I tell ya, they don't make those things like they used to. The last time I was in Albuquerque, New Mexico, I decided to get wild with this woman built like Honey Boo-boo's mom, three tamales, an antique sheep-colon condom that I bought at auction, and the orange VHS copy of the movie Good Burger, and we made it three minutes on that inversion board before the whole thing snapped in two like that twin bed with Cole. The entire American production sector should be ashamed at itself for this "turn and burn" mentality of creating things that just don't work so that you'll have to buy another. Well, I'm 43, and I think I've bought scores of them damn inversion boards and I just can't find a brand that works.

If anyone has found a board capable of sustaining 500+ pounds (not including inertia), me and mine would be very grateful as to the brand so that I may purchase several, before the damn Globalists plot their inflation again and make it cost 3x my daily wage of being an Uber driver for meth dealers. It's good money, the tips are fantastic, and the meth is great, but I just can't justify spending that much on something, so that's the key here, is to always buy in bulk, and invest for the future.

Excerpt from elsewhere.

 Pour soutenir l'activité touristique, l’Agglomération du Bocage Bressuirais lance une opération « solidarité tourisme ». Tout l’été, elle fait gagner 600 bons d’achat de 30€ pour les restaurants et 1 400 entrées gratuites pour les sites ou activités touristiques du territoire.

Anyways gotta go feed the dogs. They haven't eaten in a couple days because every time they get close to the food dish I put on a T-Rex costume and run at them while screaming "I WAS THE ONE WHO LET THE DOGS OUT" as a part of a conditioning technique from that Cesar Millan taught me in person in Topeka. It's supposed to assert dominance or some shit, but all I seem to get for a reaction is a raging erection that cannot be tamed.

Vicious cycle, I tell ya.

Blood is a myth, Macklemore's dad owns Goodwill, The White Stripes music is recruitment for vegan coffee bars, Ryan Renolds has a ding dong shaped like a question mark.

This comment brought to you by Nord VPN.
preach on funk soul brother!!!
 

MrS

Banned
He's posting things on the internet for other people to read, which is exactly what me and you are doing right now.

What's wrong with that?
I do mine in good faith and don't cock tease anybody for clicks and attention.